Records for the task:
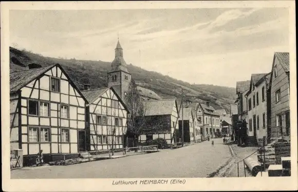 Ak Heimbach in der Eifel, Straßenpartie, Kirchturm
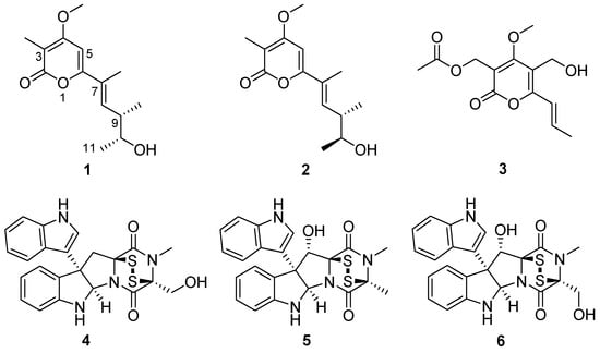The NMR and OR data of compounds 3–6 (Figures S25–S32, Table S2) were exactly the same as those in the literature [19,32,33,42,43], so 3–6 were elucidated to be multiforisin G [42], luteoalbusin A [19,43], gliocladine C [32], and T988 C [33], respectively.
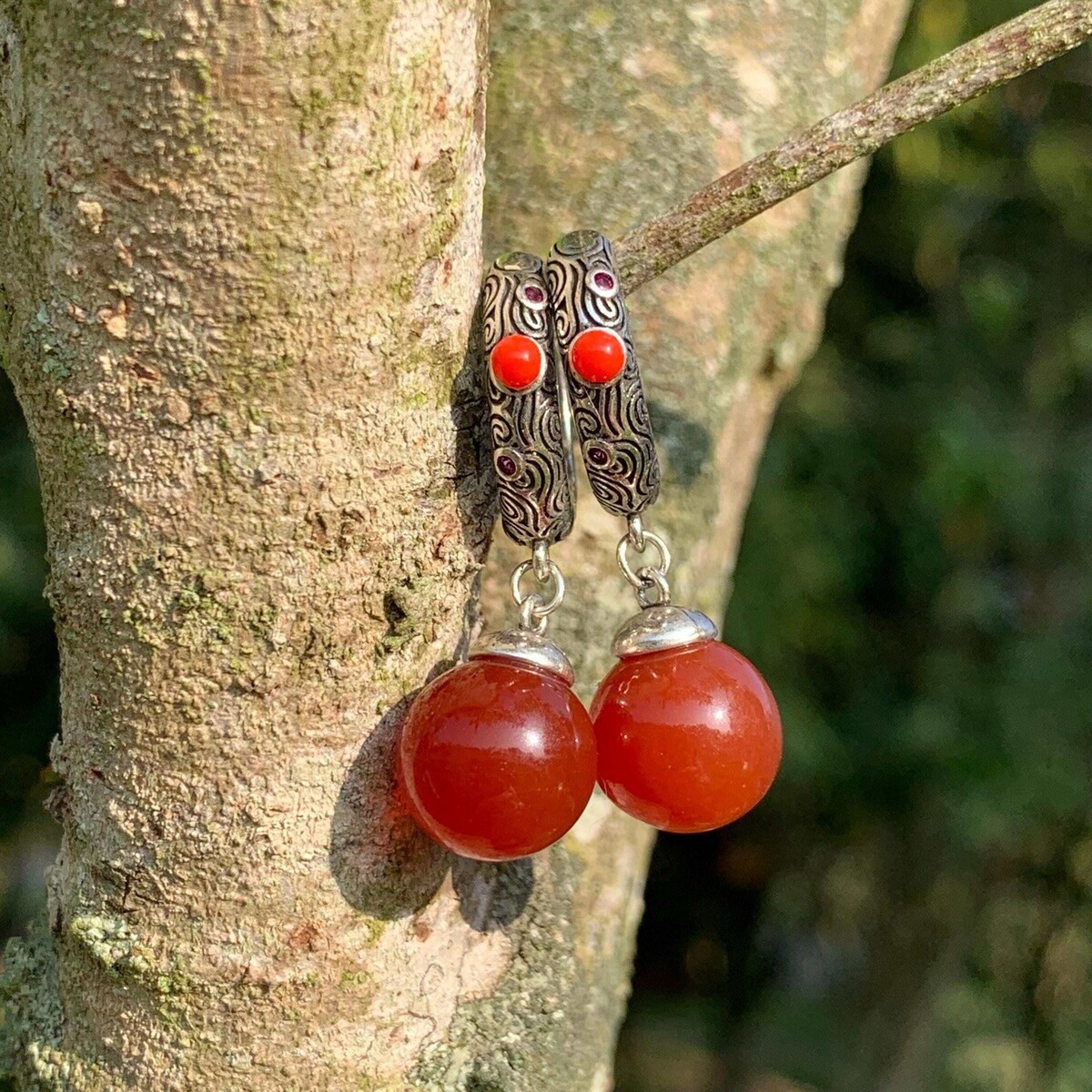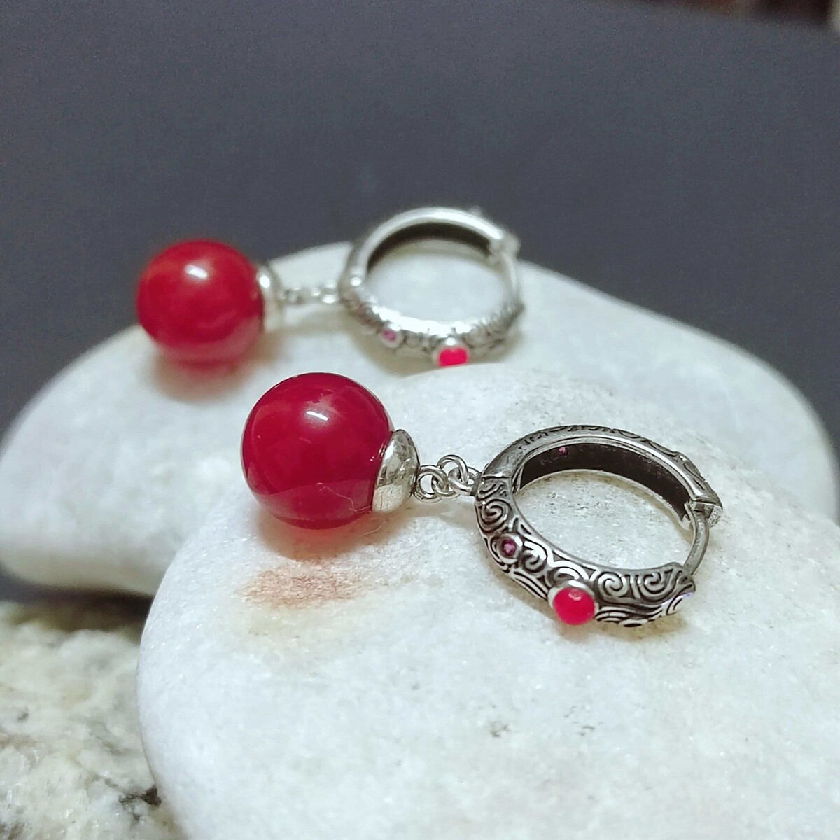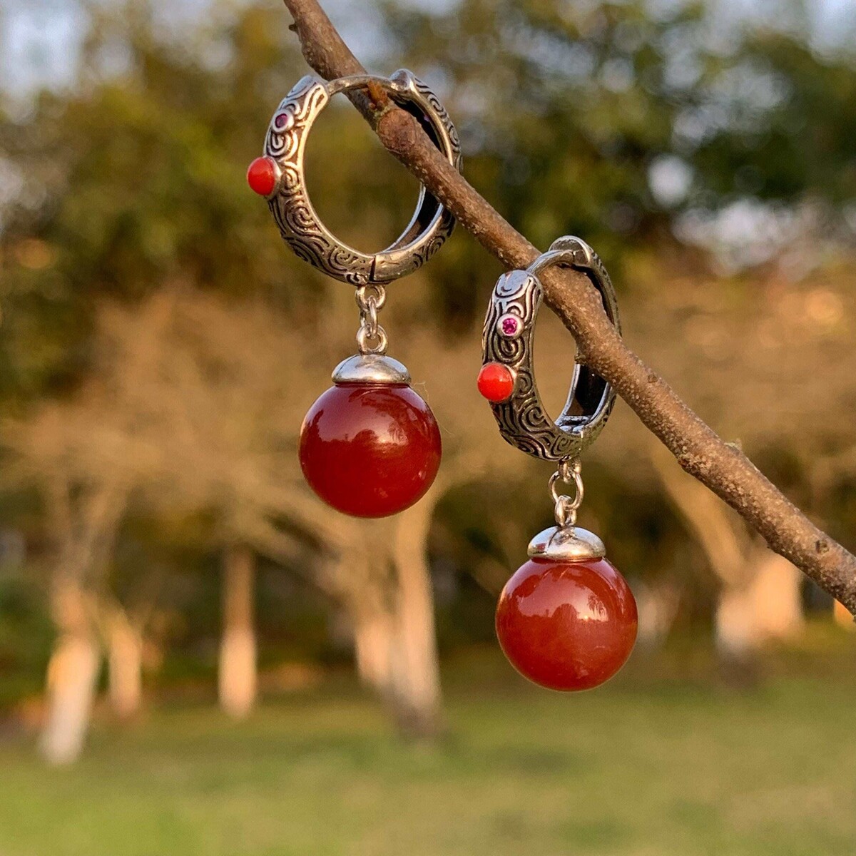 Elegant S925 Silver Design Hoop/Dangle Earrings | Certified A-Grade Natural Baoshan Southern Red Nanhong Agate SL256X15
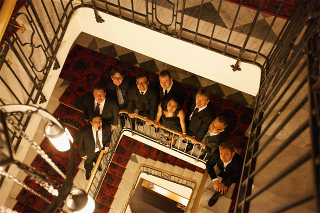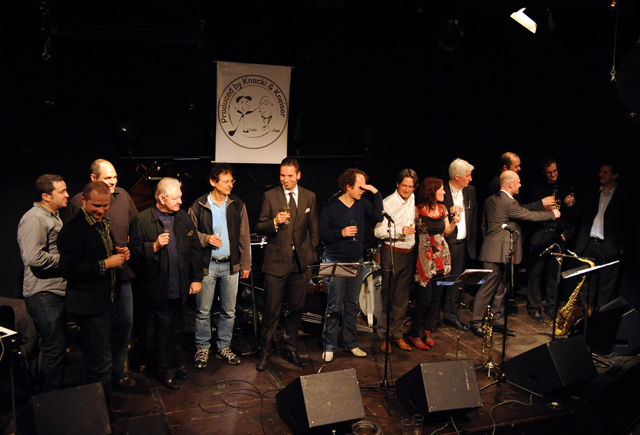 2012CD Release Party "Fourty" im Treibhaus Luzern. Foto v.l.n.r.: Ricardo Regidor, Thomas Lüscher, Beni Mosele, Richard Decker, Klaus Ignatzek, René Mosele, Clemens Süssenbach, Andreas Knecht, Michèle Lanz, Kalli Gerhards, Pius Baumgartner, Jürgen Hahn, Philipp Scholl, Patrick Jonsson.
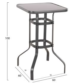 Το τραπέζι μπαρ εξωτερικού χώρου FIGGY σε ΓΚΡΙ χρώμα είναι τετράγωνο με στρογγυλεμένες γωνίες και καμπυλωτή διάταξη στα πόδια. Πρόκειται για πολύ σταθερό κι ανθεκτικό τραπέζι με επιφάνεια από γυαλί ασφαλείας και δύο «δαχτυλίδια» δεσίματος των ποδιών, που θα ικανοποιήσει και τους πιο απαιτητικούς!
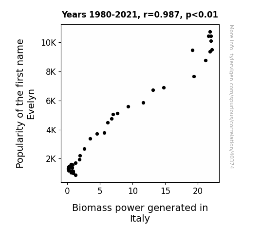 This means 97.5% of the change in the one variable (i.e., Biomass power generated in Italy) is predictable based on the change in the other (i.e., Popularity of the first name Evelyn) over the 42 years from 1980 through 2021.
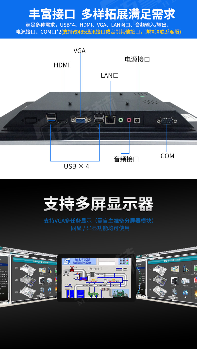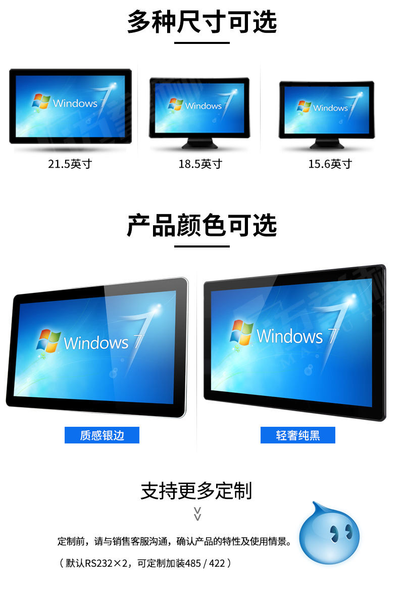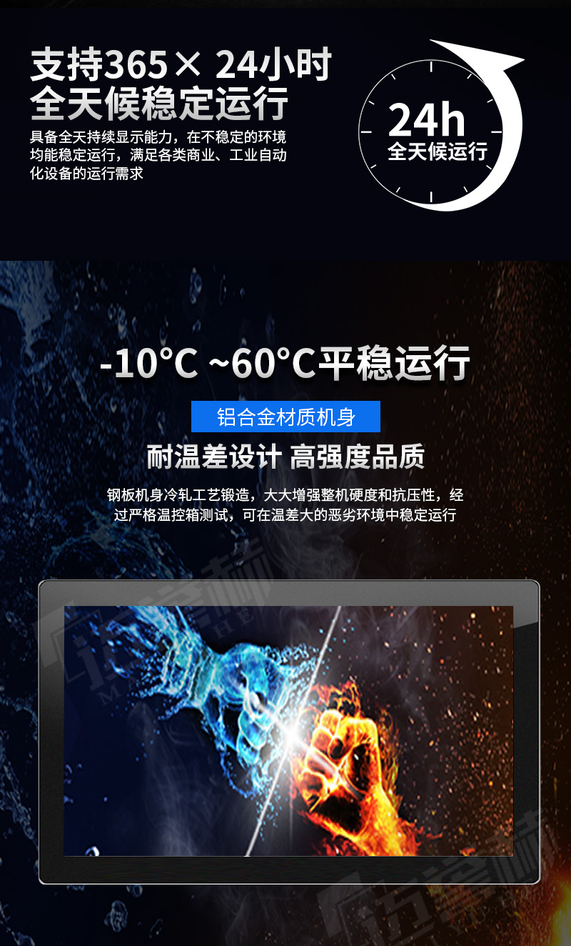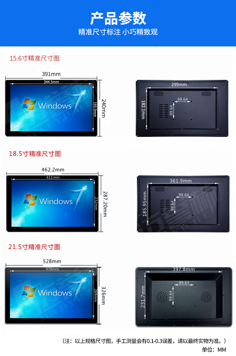 邁譽(yù)赫超薄高清工控觸摸屏一體機(jī),支持1920*1080分辨率,尺寸有13.3寸、15.6寸、18.5寸、21.5寸、23.6寸、27寸等,配置涵蓋X86和安卓。
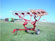 指盘搂草机系列,适合挂接在轮式拖拉机的三点悬挂装置上,工作部件为带搂齿的指盘,机器靠指盘按顺序传至后一个指盘,直到形成松散通风的草条为止。
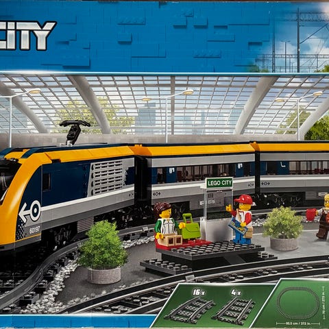 LEGO City togsæt med passagertog, skinner og minifigurer.
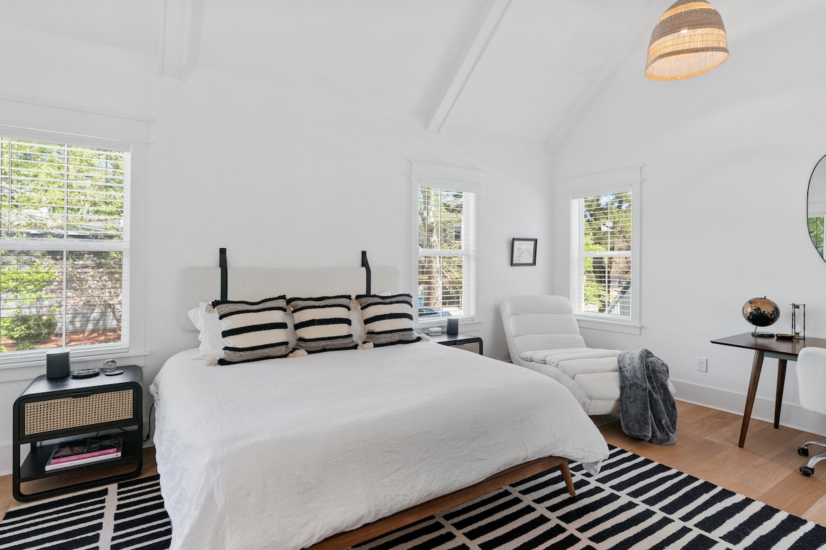 A classic 1946 duplex cottage on the outside, reimagined as a modern coastal retreat on the inside, The Bungalow Loft blends timeless charm with contemporary comfort. This thoughtfully designed space features one bedroom, two additional daybeds in the living area, a full bathroom, a well-equipped kitchen, and a cozy dining nook. Step outside to enjoy expansive outdoor living, complete with a front porch, spacious deck, fire pit, and refreshing outdoor shower.
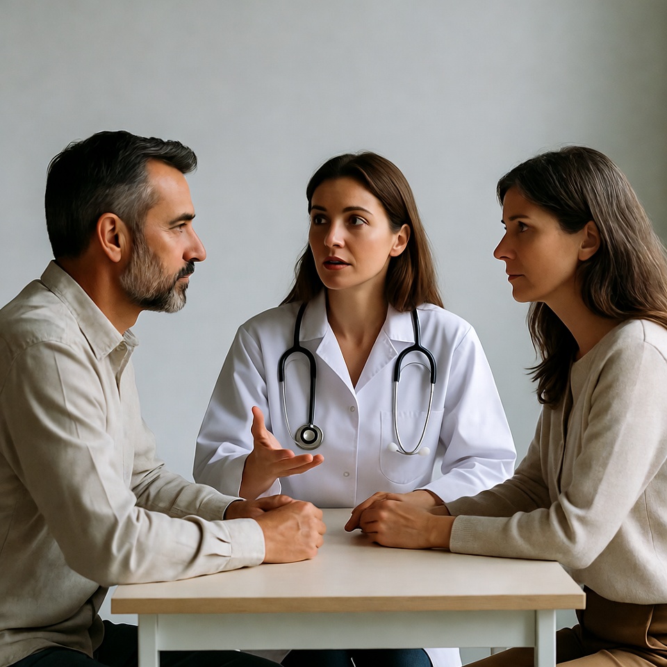 A female doctor in a white coat and stethoscope sits at a table, speaking and gesturing with her hands during a consultation. A man with gray hair and beard in a beige shirt and a woman with long brown hair in a cream sweater sit attentively listening across from her. The scene takes place in a plain indoor setting with a light wooden table.

Work required:
Quote the data above in full and without alteration; skip the pictures.

Solved exercise:
 Ak Heimbach in der Eifel, Straßenpartie, Kirchturm
The NMR and OR data of compounds 3–6 (Figures S25–S32, Table S2) were exactly the same as those in the literature [19,32,33,42,43], so 3–6 were elucidated to be multiforisin G [42], luteoalbusin A [19,43], gliocladine C [32], and T988 C [33], respectively.
 Elegant S925 Silver Design Hoop/Dangle Earrings | Certified A-Grade Natural Baoshan Southern Red Nanhong Agate SL256X15
 2012CD Release Party "Fourty" im Treibhaus Luzern. Foto v.l.n.r.: Ricardo Regidor, Thomas Lüscher, Beni Mosele, Richard Decker, Klaus Ignatzek, René Mosele, Clemens Süssenbach, Andreas Knecht, Michèle Lanz, Kalli Gerhards, Pius Baumgartner, Jürgen Hahn, Philipp Scholl, Patrick Jonsson.
 Το τραπέζι μπαρ εξωτερικού χώρου FIGGY σε ΓΚΡΙ χρώμα είναι τετράγωνο με στρογγυλεμένες γωνίες και καμπυλωτή διάταξη στα πόδια. Πρόκειται για πολύ σταθερό κι ανθεκτικό τραπέζι με επιφάνεια από γυαλί ασφαλείας και δύο «δαχτυλίδια» δεσίματος των ποδιών, που θα ικανοποιήσει και τους πιο απαιτητικούς!
 This means 97.5% of the change in the one variable (i.e., Biomass power generated in Italy) is predictable based on the change in the other (i.e., Popularity of the first name Evelyn) over the 42 years from 1980 through 2021.
 邁譽(yù)赫超薄高清工控觸摸屏一體機(jī),支持1920*1080分辨率,尺寸有13.3寸、15.6寸、18.5寸、21.5寸、23.6寸、27寸等,配置涵蓋X86和安卓。
 指盘搂草机系列,适合挂接在轮式拖拉机的三点悬挂装置上,工作部件为带搂齿的指盘,机器靠指盘按顺序传至后一个指盘,直到形成松散通风的草条为止。
 LEGO City togsæt med passagertog, skinner og minifigurer.
 A classic 1946 duplex cottage on the outside, reimagined as a modern coastal retreat on the inside, The Bungalow Loft blends timeless charm with contemporary comfort. This thoughtfully designed space features one bedroom, two additional daybeds in the living area, a full bathroom, a well-equipped kitchen, and a cozy dining nook. Step outside to enjoy expansive outdoor living, complete with a front porch, spacious deck, fire pit, and refreshing outdoor shower.
 A female doctor in a white coat and stethoscope sits at a table, speaking and gesturing with her hands during a consultation. A man with gray hair and beard in a beige shirt and a woman with long brown hair in a cream sweater sit attentively listening across from her. The scene takes place in a plain indoor setting with a light wooden table.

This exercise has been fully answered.